Home 9 Aerospace 9 Britain’s Launch Era Begins

Britain’s Launch Era Begins

by | Aug 12, 2025

Skyrora wins the first vertical license, unlocking home-soil space access.
Skyrora (Source: The Engineer).

In a first for the United Kingdom, the Civil Aviation Authority (CAA) recently granted Skyrora a vertical launch license, authorizing suborbital missions from SaxaVord Spaceport in Shetland. The license covers the Skylark L rocket and permits up to 16 launches per year, marking a regulatory green light for sovereign launch from British soil, says The Engineer.

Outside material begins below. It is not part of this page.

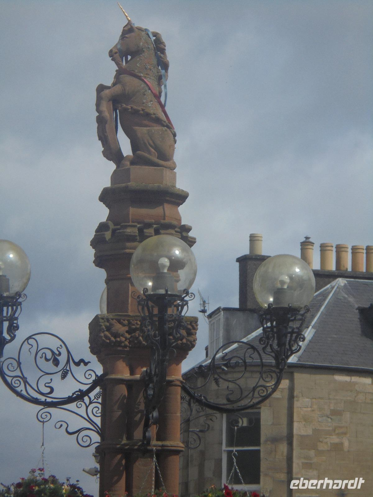 Nicht allzuweit war es von hier nach Stirling. Die Stadt mit ihren 50.000 Einwohnern ist von großer Bedeutung für die schottische Geschichte. Bemerkenswertestes Bauwerk ist ihre gewaltige und neben der von Edinburgh als uneinnehmbar geltende Burganlage. Viele Jahre lang war hier der Sitz der schottischen Könige. Auch als Münzstätte und Versammlungsort des schottischen Parlaments war die Burg bekannt und die schottischen Könige verliehen dem zu Füßen der Burg geachsenen Ort schon im 12. Jahrhundert die Rechte einer „königlichen Stadt" (Royal Burgh).

For U.K. space access, this is significant on two fronts: (1) it establishes a domestic launch operator licensed to fly from a U.K. range, and (2) it creates a pathway for Skyrora’s planned Skyrora XL orbital vehicle by proving safety, operations, and range coordination on U.K. turf.

However, near-term access is constrained by ground infrastructure. SaxaVord’s pads are fully booked through 2025, pushing any U.K. Skylark L attempt to 2026 at the earliest and forcing Skyrora to explore non-U.K. options in the interim (e.g., Australia or Norway). The CAA license is therefore necessary but not sufficient: pad availability and site readiness are now the pacing items.

SaxaVord previously secured its range and vertical-launch permissions and is permitted to host up to ~30 launches annually, positioning it as the United Kingdom’s principal vertical site. Skyrora’s allocation (up to 16) sits within that envelope.

The United Kingdom now has a licensed domestic launcher, but operational cadence depends on pad capacity and scheduling at SaxaVord. If those bottlenecks ease, the Skyrora license can translate into regular U.K.-based suborbital shots, de-risking operations ahead of home-grown orbital access later in the decade.